On lui avait appris la danse et la musique. Elle savait peindre agréablement l’aquarelle, broder de toutes les façons imaginables. D’ailleurs, elle eût été incapable d’ourler des torchons et de faire son lit elle-même. Quant à son instruction, elle se composait d’un peu de grammaire, d’un peu d’arithmétique, et de beaucoup d’histoire sainte. On lui avait fait soigner son écriture qui, au grand désespoir de ses maîtresses, était restée forte et écrasée. Sa science s’arrêtait là ; on l’accusait de saluer avec trop de raideur et de gâter son sourire par l’expression froide de ses yeux gris.

Quand elle eut quinze ans, Lobrichon, qui venait depuis quelque temps la voir presque tous les jours, lui demanda si elle serait contente de quitter le pensionnat. Elle n’avait aucune hâte d’entrer dans l’inconnu, mais en grandissant elle prenait en haine la voix mielleuse de ses maîtresses et les grâces apprises de ses compagnes. Elle répondit à Lobrichon qu’elle était prête à le suivre. Le lendemain, elle couchait dans une petite maison que l’ami de son père venait d’acheter à Passy.

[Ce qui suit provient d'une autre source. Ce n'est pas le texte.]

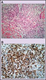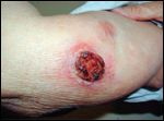 In 1985, Stein et al described a large-cell lymphoma defined by cohesive sheets of large lymphoid cells expressing the Ki-1 (CD30) antigen. This has led to the further recognition of CD30 expression as a common phenotypic hallmark for LyP and CD30+ CALCL. Most cases of CD30+ CALCL present as solitary or regional nodules and/or tumors that often show ulceration (Figure 4). The skin lesions may undergo spontaneous regression as in LyP, but often persist. Generalized or multifocal lesions are seen in about 20% of patients. Papules and plaques simulating morphea or ulcerated lesions resembling pyoderma gangrenosum have also been described.[14] Extracutaneous or regional lymph node involvement is seen in 10% of patients at presentation.

L’ancien marchand d’habits caressait un projet. Il s’était retiré du commerce à l’âge de soixante ans. Pendant plus de trente années, il avait mené une vie de ladre, mangeant mal, se privant de femme, tout à l’accroissement de sa fortune. Comme Férat, c’était un rude travailleur, mais il travaillait pour ses jouissances futures. Il se proposait, lorsqu’il serait riche, d’apaiser largement ses appétits. La fortune venue, il prit une bonne cuisinière, acheta un pavillon tranquille entre cour et jardin, et résolut d’épouser la fille de son ancien ami.